Set down every record below exactly as it stands, minus the pictures.
(RECORDS FOR THE TASK Opens)
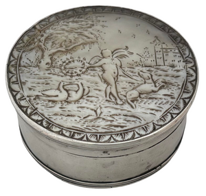 Early 19th Century Continental White Metal and Carved Mother of Pearl Box.
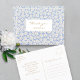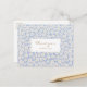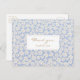 Moda y elegante con colores cálidos dorados. Este boda le agradece que postal incluya un par de nombres en la parte delantera y un mensaje de agradecimiento en la parte posterior con un bonito fondo floral azul y blanco. Esta postal forma parte de una suite boda que incluye otros elementos como invitaciones, tarjetas RSVP y más.
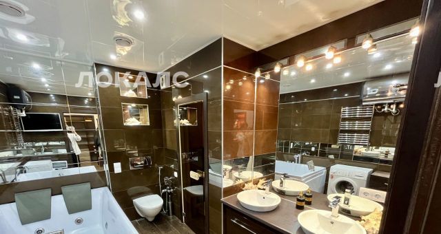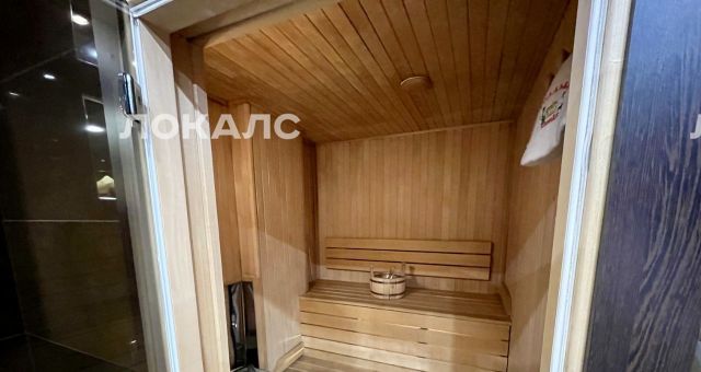 Особенностью этой квартиры является небольшая сауна, идеальная для отдыха и релаксации.
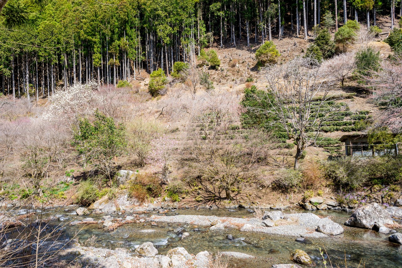 川沿いのほんの僅かなスペースしかない斜面に切り開かれた茶畑が多く目につきます。
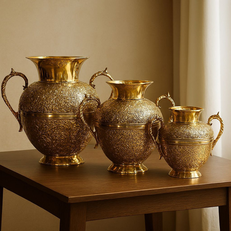 گلدان برنجی طرح طاوس برنجی مدل دو دسته در سه سایز مختلف
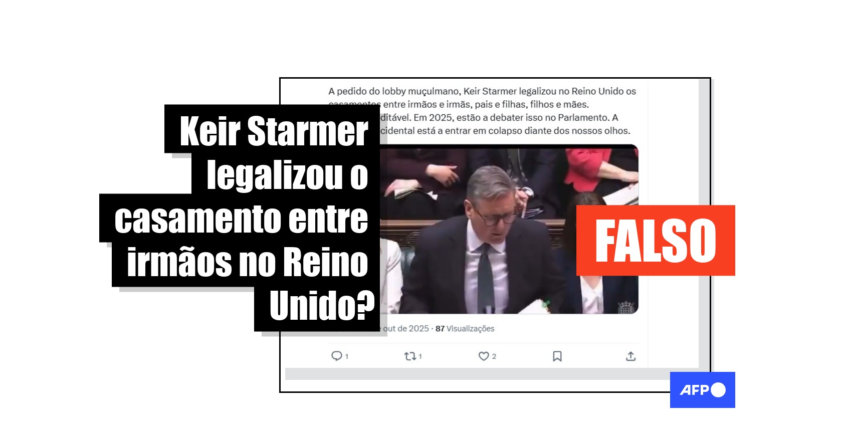 É falso que Reino Unido legalizou casamentos entre irmãos e entre pais e filhos; país permite união entre primos Publicado em 16 de outubro de 2025 às 20:31
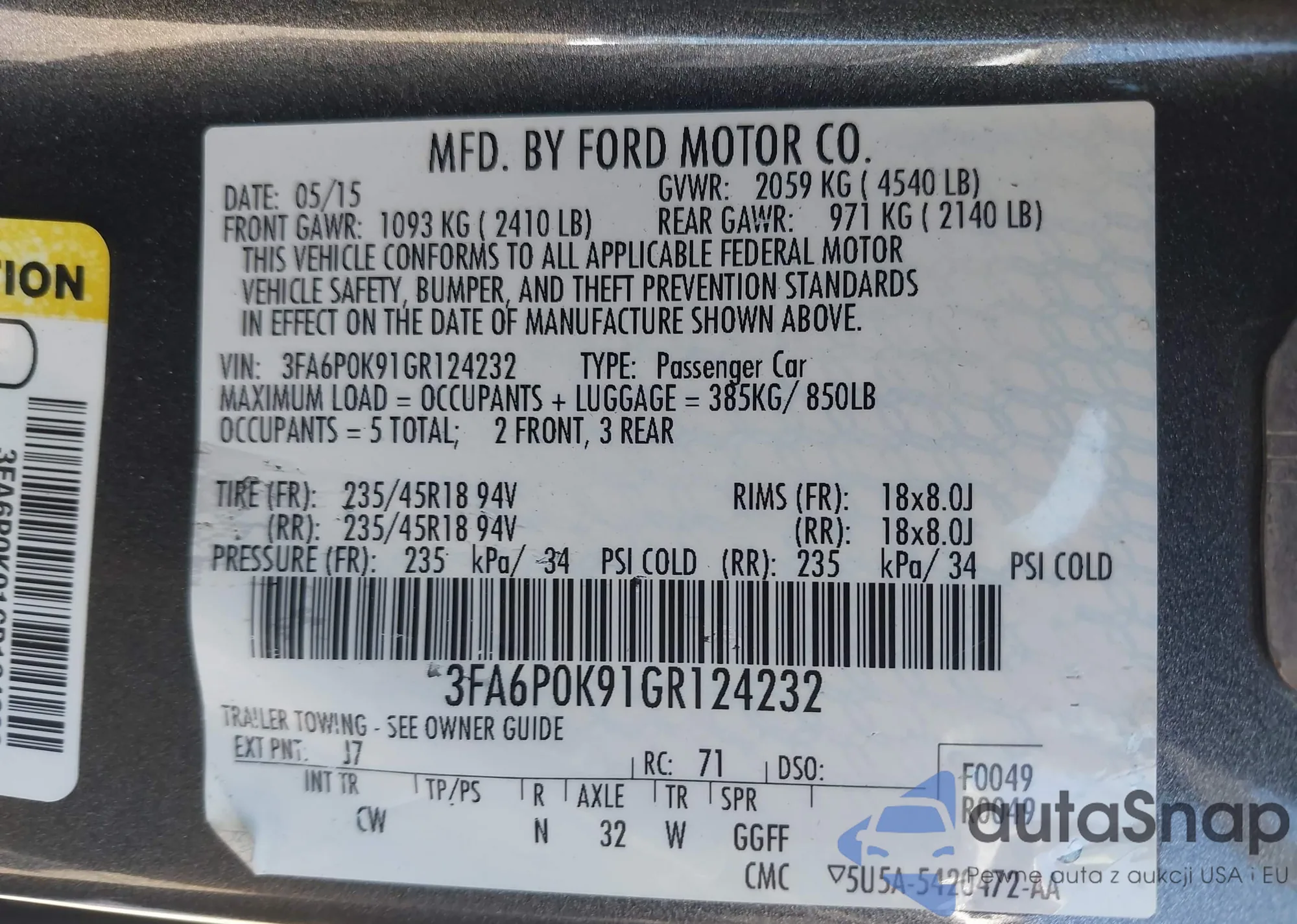 LOT: 42356169 VIN: KL4CJGSB6FB073737
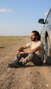 Create a cinematic road trip photo of an adult man sitting cross-legged on the ground beside a parked car, relaxed grounded posture with hands resting on knees, wearing a breathable t-shirt, cargo pants, trail shoes, slightly tousled hair, calm introspective expression, wide open plateau landscape, clear sky with subtle clouds, late afternoon natural light, cinematic clarity, professional adventure travel photography. Use aspect ratio 4:5. use my uploaded photo for reference.
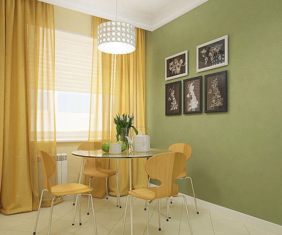 Зелёные шторы в интерьере
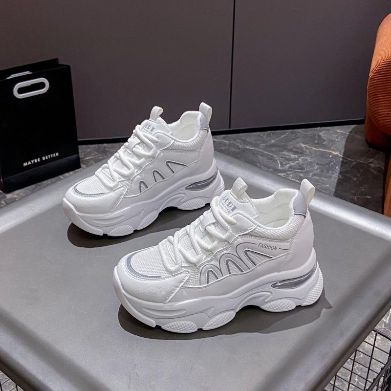 Женские летние кроссовки, новая сетчатая дышащая универсальная маленькая белая обувь, небольшая внутренняя высота, толстая подошва, папины кроссовки 40 белый
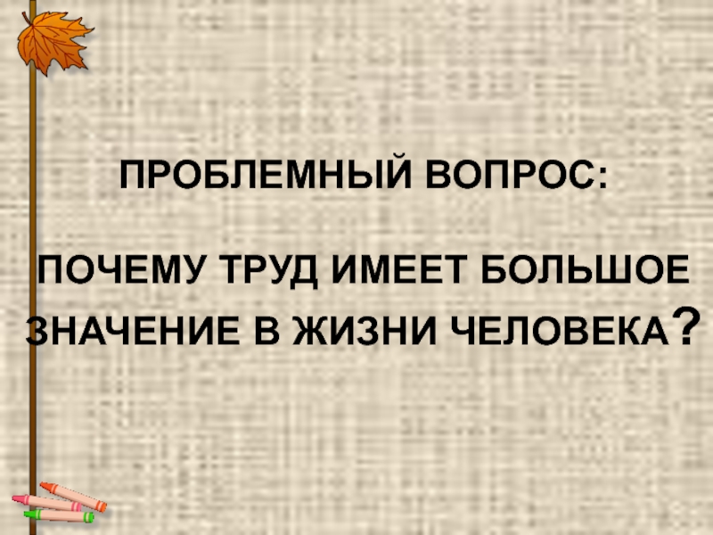 ПРОБЛЕМНЫЙ ВОПРОС:ПОЧЕМУ ТРУД ИМЕЕТ БОЛЬШОЕЗНАЧЕНИЕ В ЖИЗНИ ЧЕЛОВЕКА?
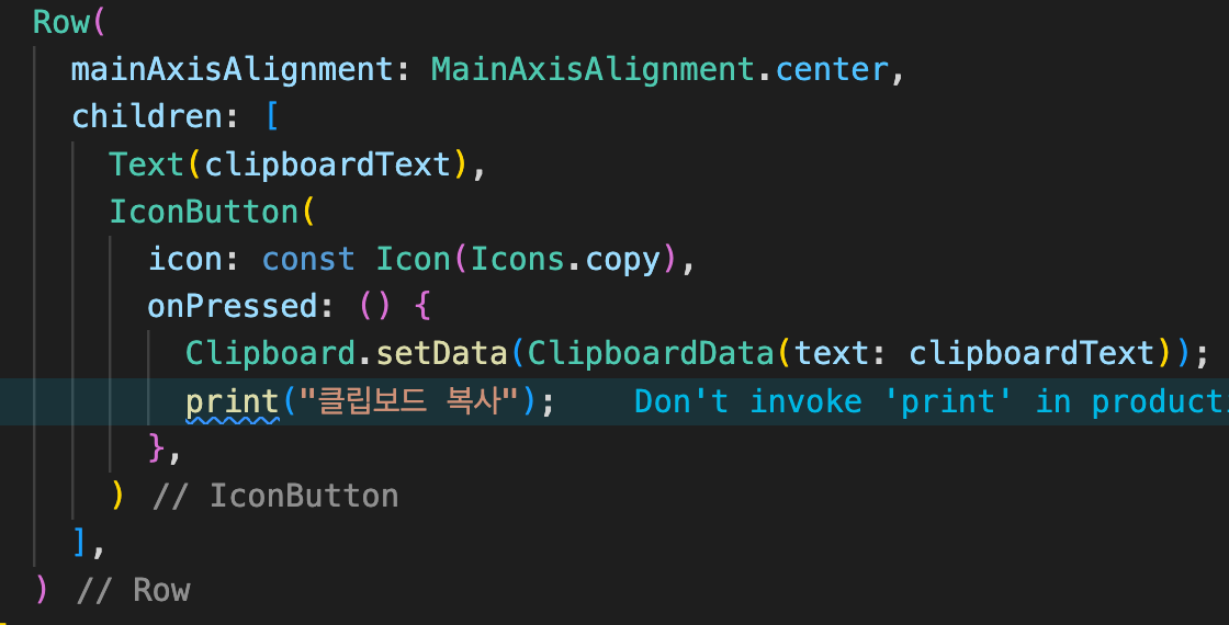 여기 위에서 중요한 부분은 보통 내용 등은 변수로 데이터를 전달하기 때문에 onPressed 눌렀을 시, Clipboard.setData를 활용하여 복사를 구현할 수 있습니다. IconButton 이외에 GestureDetector 등 여러 가지 방법으로 구현이 가능합니다.
(RECORDS FOR THE TASK Closes)
SOLUTION TO THIS PROBLEM =>
 Early 19th Century Continental White Metal and Carved Mother of Pearl Box.
 Moda y elegante con colores cálidos dorados. Este boda le agradece que postal incluya un par de nombres en la parte delantera y un mensaje de agradecimiento en la parte posterior con un bonito fondo floral azul y blanco. Esta postal forma parte de una suite boda que incluye otros elementos como invitaciones, tarjetas RSVP y más.
 Особенностью этой квартиры является небольшая сауна, идеальная для отдыха и релаксации.
 川沿いのほんの僅かなスペースしかない斜面に切り開かれた茶畑が多く目につきます。
 گلدان برنجی طرح طاوس برنجی مدل دو دسته در سه سایز مختلف
 É falso que Reino Unido legalizou casamentos entre irmãos e entre pais e filhos; país permite união entre primos Publicado em 16 de outubro de 2025 às 20:31
 LOT: 42356169 VIN: KL4CJGSB6FB073737
 Create a cinematic road trip photo of an adult man sitting cross-legged on the ground beside a parked car, relaxed grounded posture with hands resting on knees, wearing a breathable t-shirt, cargo pants, trail shoes, slightly tousled hair, calm introspective expression, wide open plateau landscape, clear sky with subtle clouds, late afternoon natural light, cinematic clarity, professional adventure travel photography. Use aspect ratio 4:5. use my uploaded photo for reference.
 Зелёные шторы в интерьере
 Женские летние кроссовки, новая сетчатая дышащая универсальная маленькая белая обувь, небольшая внутренняя высота, толстая подошва, папины кроссовки 40 белый
 ПРОБЛЕМНЫЙ ВОПРОС:ПОЧЕМУ ТРУД ИМЕЕТ БОЛЬШОЕЗНАЧЕНИЕ В ЖИЗНИ ЧЕЛОВЕКА?
 여기 위에서 중요한 부분은 보통 내용 등은 변수로 데이터를 전달하기 때문에 onPressed 눌렀을 시, Clipboard.setData를 활용하여 복사를 구현할 수 있습니다. IconButton 이외에 GestureDetector 등 여러 가지 방법으로 구현이 가능합니다.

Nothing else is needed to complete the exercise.